1. A method for training a POI arrival location point scoring model, comprising: obtaining a positive sample set and a negative sample set; wherein the positive sample comprises a POI location point and an actual arrival location point in a user historical trip, and the positive sample is constructed based on a POI location point in one historical trip record and an actual arrival location point in another historical trip record if the distance between the two POI location points is less than a preset distance; the negative sample comprises a POI location point and a non-actual arrival location point in a user historical trip; training the arrival location point scoring model based on the positive sample set and the negative sample set; wherein the sample feature is used as the model input, and the corresponding model output is the score of the arrival location point in the sample. 2.The method of claim 1, wherein obtaining the positive sample set comprises: selecting a plurality of historical trip records that meet the positive sample condition from the user historical trip record set; constructing a corresponding positive sample based on each selected historical trip record; wherein the historical trip record meets the positive sample condition in the following cases: the corresponding travel speed when the user ends the trip in the historical trip record is lower than a preset speed; and / or the historical trip record and at least one other historical trip record contain the same POI location point and actual arrival location point. 3.The method of claim 2, wherein obtaining the negative sample set comprises: sampling arrival points near the POI location point in the selected historical trip record; constructing a corresponding negative sample based on the POI location point in the historical trip record and the sampled arrival point if it is determined that the sampled arrival point is not the actual arrival location point in the historical trip record.

4. The method of claim 1, wherein, The sample features of the positive sample and the negative sample include the features of the POI location point in the sample and the features of the arrival location point in the sample; the arrival location point includes the actual arrival location point or the non-actual arrival location point.
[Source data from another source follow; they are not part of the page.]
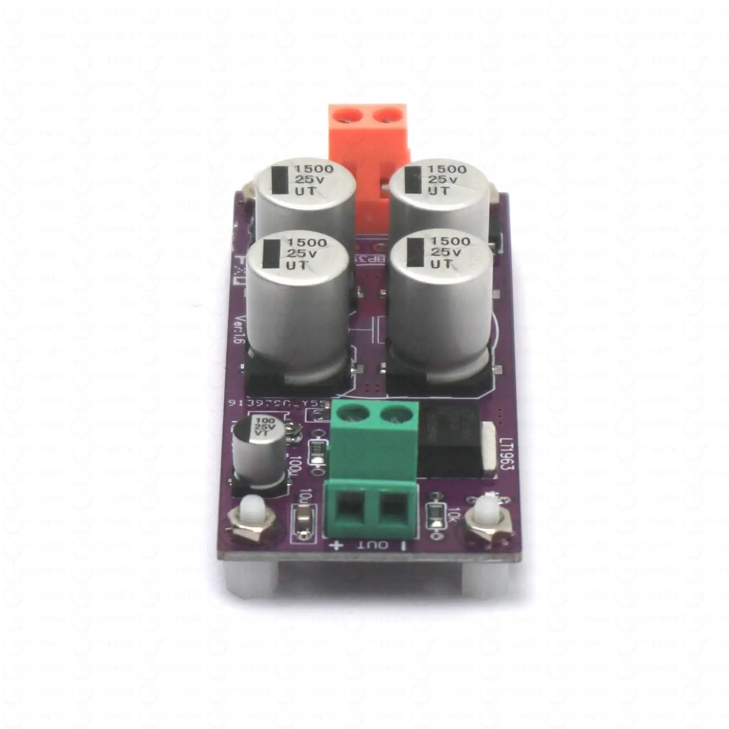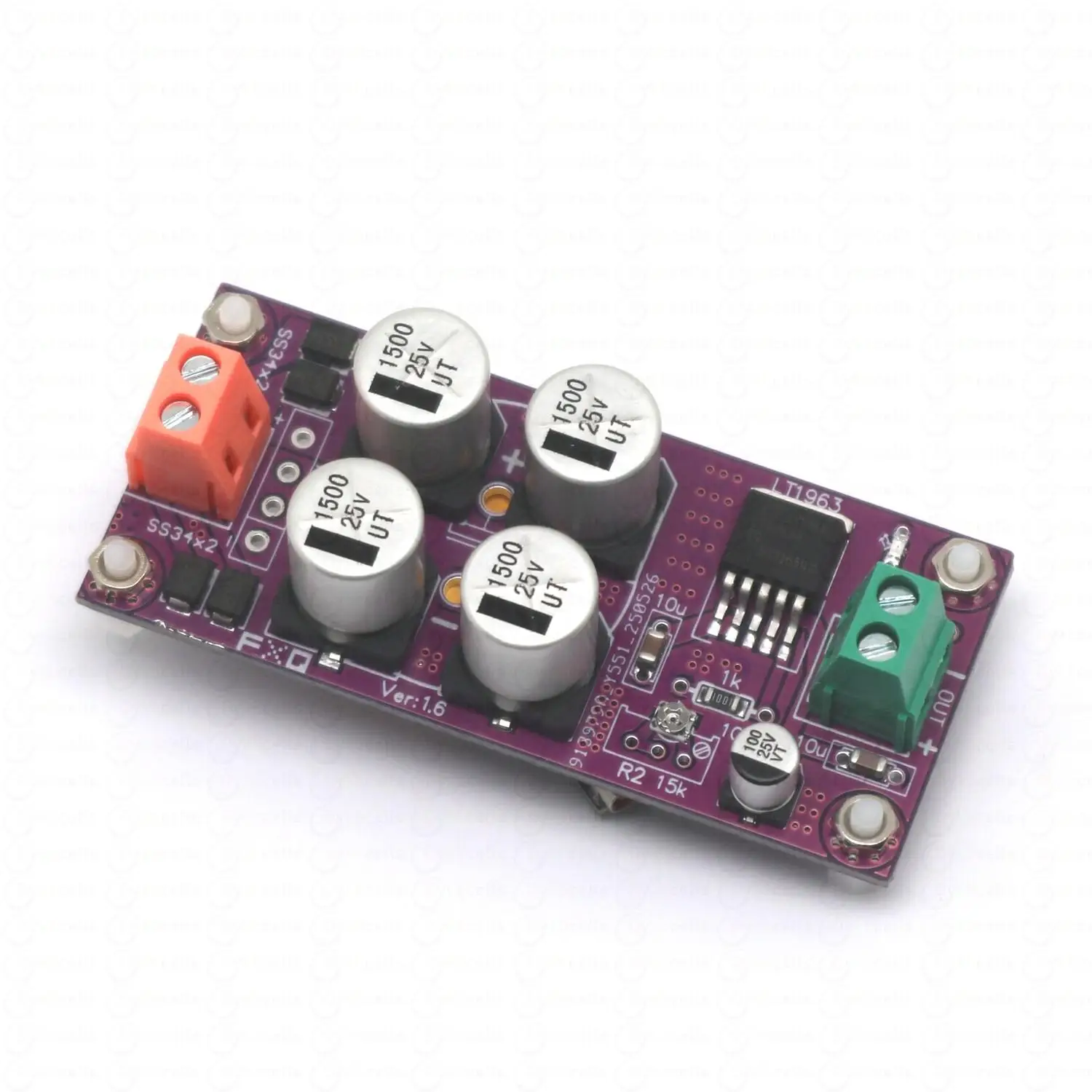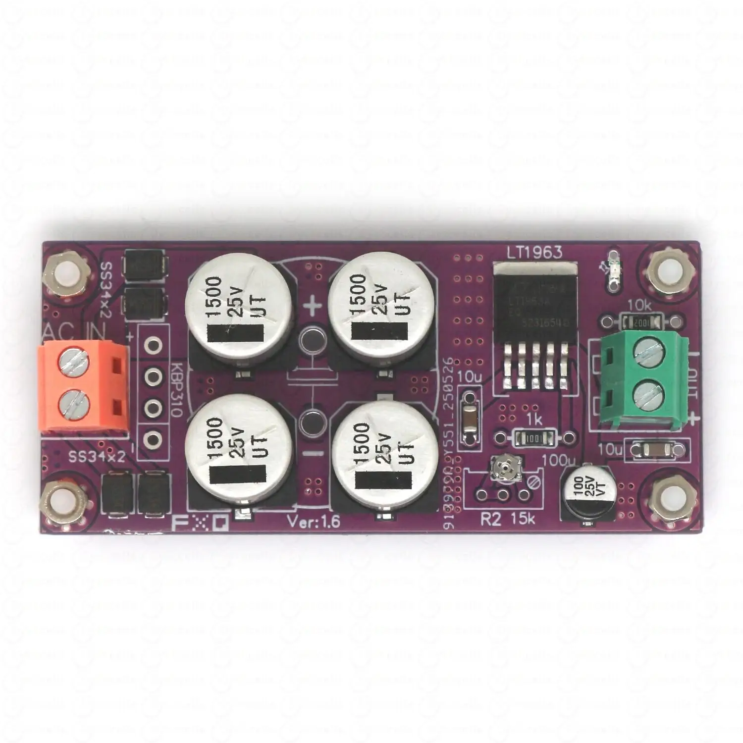 This precision LT1963A low-noise linear regulator features an adjustable output voltage from 1.21V to 18V, supporting input voltages between 1V and 15V AC or up to 20V DC. It delivers up to 1.5A of continuous current with a dropout voltage of approximately 340mV and an output noise of just 40µV RMS over 20Hz–20kHz. Designed for high-end audio applications such as DAC reference supplies and phono preamp power conditioning, it can provide up to 15W with proper heatsinking. Its compact 35×80mm PCB layout allows easy configuration via resistor divider to output 5V, 12V, 15V, or 18V, ensuring reliable, ultra-low noise power regulation for demanding audio and instrumentation setups.
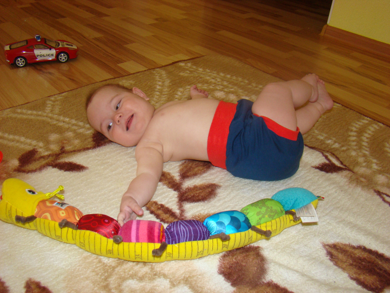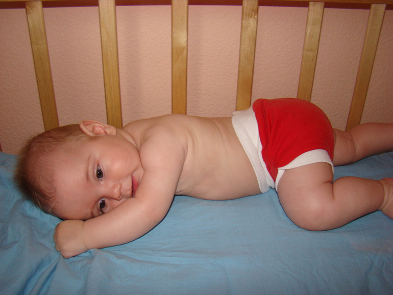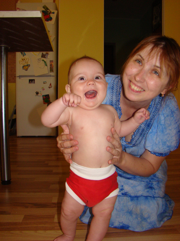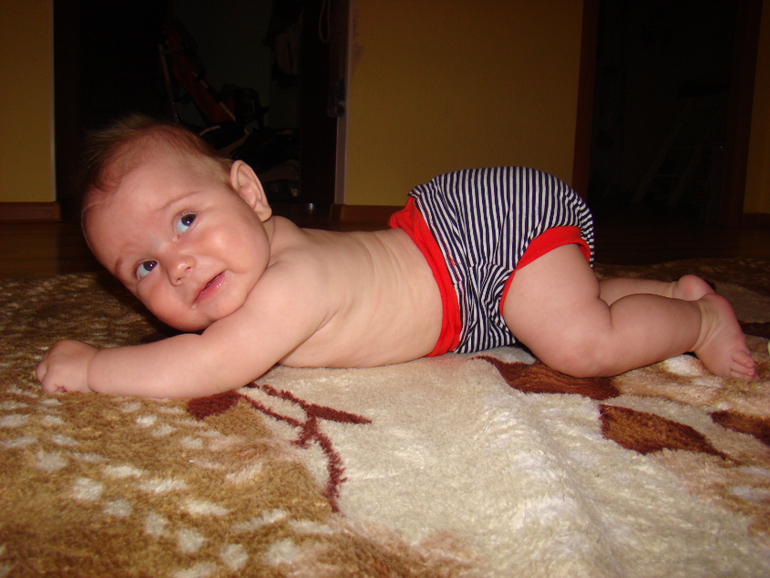 Итак, трусы-тельняшка :). Внутри три слоя махры. Нам вполне хватает на 1-2 пописа. Это сын учиться ползать, а мама с камерой подкарауливает....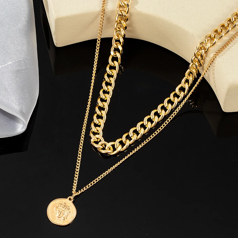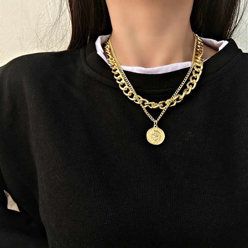 Женская многослойная цепочка на шею, винтажное толстое ожерелье зол...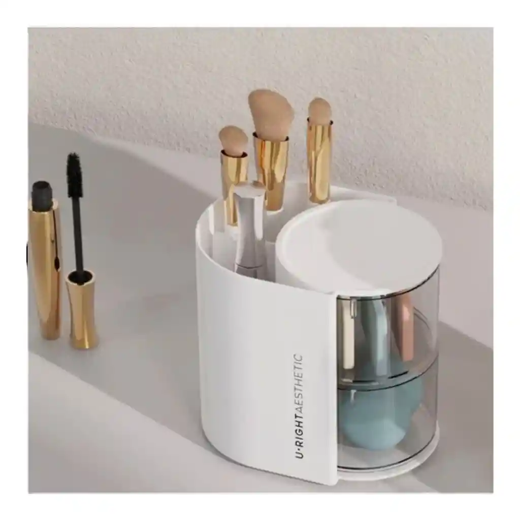 *¡¡BIENVENIDO A TONATEK!!* 1. CARACTERISTICAS DE LA COMPRA: 1.1 Esta compra incluye: - 1 Organizador De Brochas De Maquillaje Y Espojas 1.2 Características del producto: Organizador giratorio para maquillaje con diseño moderno y elegante, ideal para mantener brochas, esponjas y cosméticos siempre ordenados. Cuenta con compartimentos transparentes y sistema giratorio que facilita el acceso a cada producto. Incluye espacio superior para brochas y secciones internas para polvos, esponjas y accesorios. Su tamaño compacto permite colocarlo fácilmente en tocadores o mesas de maquillaje.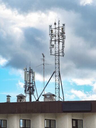 テレビ局やラジオのマストとテレビ塔 電話を波や無線ネットワークを介して通信用アンテナ 放送情報通信のための送信機のイラスト素材 ベクタ Image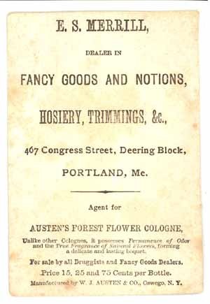 The back has an advertisement for, E S Merrill, dealer in fancy goods and notions, hosiery, trimmings, Portland, ME (sewing).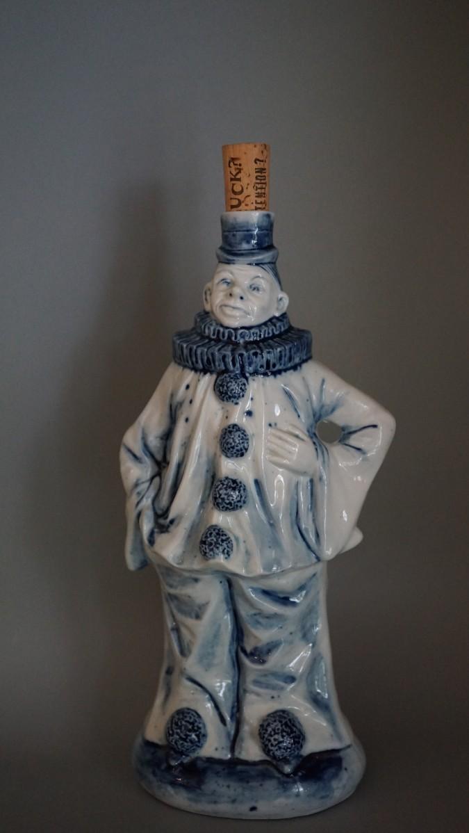 ANTIQUE GERMAN BLUE & WHITE PORCELAIN CHARACTER LIQUOR FLASK /CLOWN CHARACTER 12 1/2"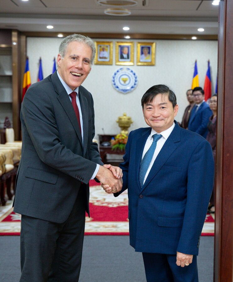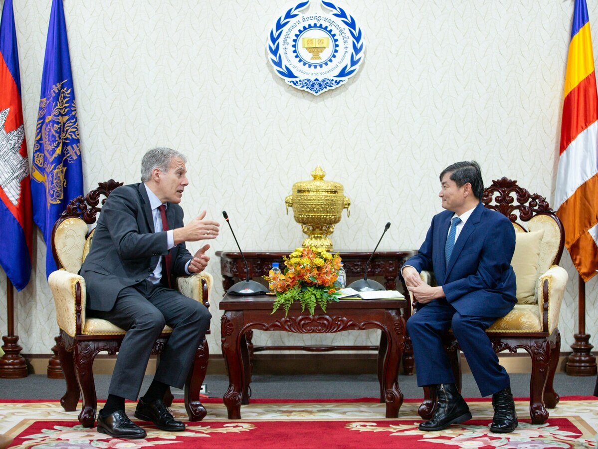 (រាជធានីភ្នំពេញ)៖ នារសៀលថ្ងៃពុធ ទី១៨ ខែមីនា ឆ្នាំ២០២៦ ឯកឧត្តម ហេង សួរ រដ្ឋមន្ត្រីក្រសួងការងារ និងបណ្តុះបណ្តាលវិជ្ជាជីវៈ បានអនុញ្ញាតឱ្យឯកឧត្តម គ្រីស្ទៀន ដេរ៉ូហ្ស (Christian DesRoches) ឯកអគ្គរដ្ឋទូតវិសាមញ្ញ និងពេញសមត្ថភាពនៃប្រទេសកាណាដាប្រចាំកម្ពុជា ចូលជួបសម្ដែងការគួរសម និងពិភាក្សាការងារ នៅទីស្តីការក្រសួង ដើម្បីពង្រឹងកិច្ចសហប្រតិបត្តិការទ្វេភាគីលើវិស័យការងារ សន្តិសុខសង្គម និងការបណ្តុះបណ្តាលវិជ្ជាជីវៈ។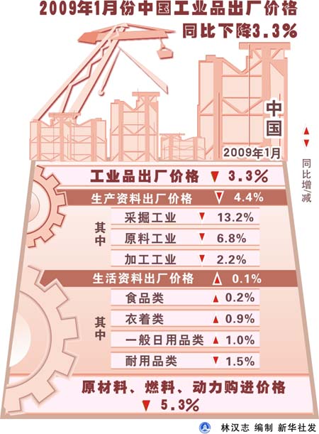 1月份PPI降幅比上月擴(kuò)大2.2個百分點,出乎絕大多數(shù)研究人員的預(yù)料。原因何在?國家統(tǒng)計局給出了兩點解釋: 一是美國金融危機(jī)引起全球?qū)嶓w經(jīng)濟(jì)快速下滑,國際市場原油、礦石、糧食等基礎(chǔ)性產(chǎn)品價格顯著下降,致使我國此類大宗產(chǎn)品進(jìn)口價格明顯下降,進(jìn)而引起去年持續(xù)處于高位的生產(chǎn)資料價格下降較多,并通過產(chǎn)業(yè)鏈條逐漸往中下游傳導(dǎo),導(dǎo)致主要類別產(chǎn)品價格的全面走低。比如,1月份,國際市場上非能源價格同比下降25.5%,降幅比12月份擴(kuò)大1.2個百分點;金屬價格下降41.4%,擴(kuò)大5個百分點,其中鋁價下降42.2%,擴(kuò)大5.3個百分點。 二是去年價格高企的負(fù)滯后影響。2008年工業(yè)品出廠價格前8個月漲幅逐漸擴(kuò)大,形成了一個較高的基數(shù)平臺,9月份以后工業(yè)品出廠價格開始環(huán)比下降,2008年12月份的平均價格水平已低于2008年1月份的水平,致使2008年的工業(yè)品價格變動對2009年的滯后影響為負(fù),全年大約為負(fù)4.3個百分點。其中,2008年對2009年1月份的滯后影響大約為負(fù)1.5個百分點,并且這種負(fù)的滯后影響在2009年8月份以前還將逐月擴(kuò)大。因此,即使2009年工業(yè)品價格不再下降,全年的工業(yè)品價格同比漲幅仍然為負(fù),表現(xiàn)為2009年工業(yè)品價格同比指數(shù)的明顯下降。 另外,統(tǒng)計局強(qiáng)調(diào),從分類上看,PPI價格有漲有落。在工業(yè)品出廠價格中,盡管黑色金屬冶煉及壓延加工業(yè)出廠價格和有色金屬冶煉及壓延加工業(yè)出廠價格同比分別下降7.2%和24.6%,但煤炭開采和洗選業(yè)出廠價格同比上漲22.7%,其中原煤出廠價格上漲12.3%;汽油、煤油出廠價格分別上漲2.1%和3.1%。
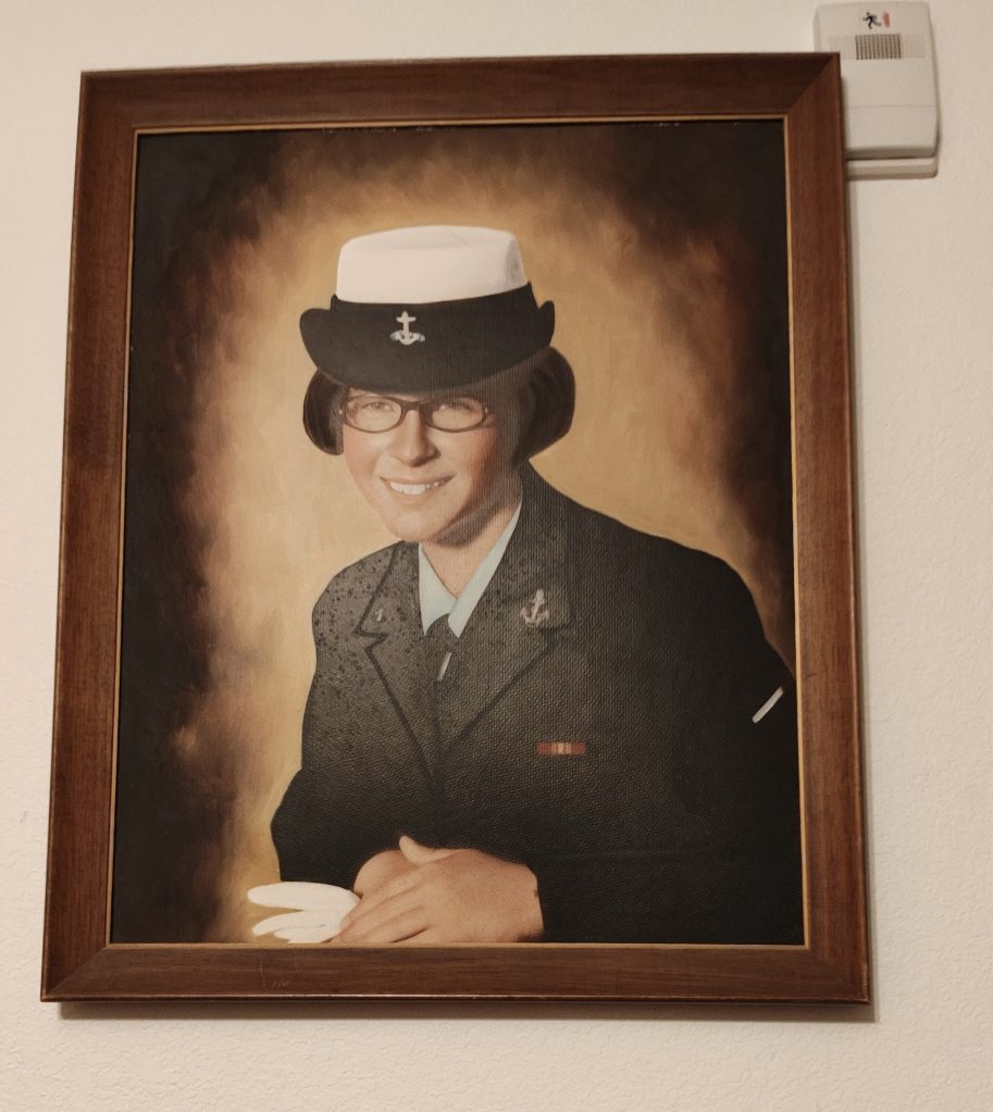Yes, I was married at the time, and yes, I was about to have my first baby, but finding myself out of the Navy was hard. I fought against it for almost nine months. I sent one chit after another with reasons why I wanted to stay in and why it would be beneficial. My CO sent me to other W.A.V.E. officers who had children to try to persuade me about the benefits of getting out of the Navy. I never saw those as benefits. However, it was my CO’s decision and I found myself with a shortened career. It is my only regret to this day.

5. The method of claim 4, wherein, The features of the POI location point include at least one of the following: the administrative division to which the POI location point belongs; the functional category of the place corresponding to the POI location point; the operation status of the place corresponding to the POI location point; whether the place corresponding to the POI location point is a bottom shop.

6. The method of claim 4, wherein, The features of the arrival location point include at least one of the following: the administrative level of the road to which the arrival location point belongs; the driving direction of the road to which the arrival location point belongs; the driving direction is one-way or two-way; the width of the road to which the arrival location point belongs; the road type of the road to which the arrival location point belongs; the road type is an internal road or an external road.

7. The method of claim 4, wherein, The sample features of the positive sample and the negative sample further include a feature representing the association between the POI location point and the arrival location point in the sample.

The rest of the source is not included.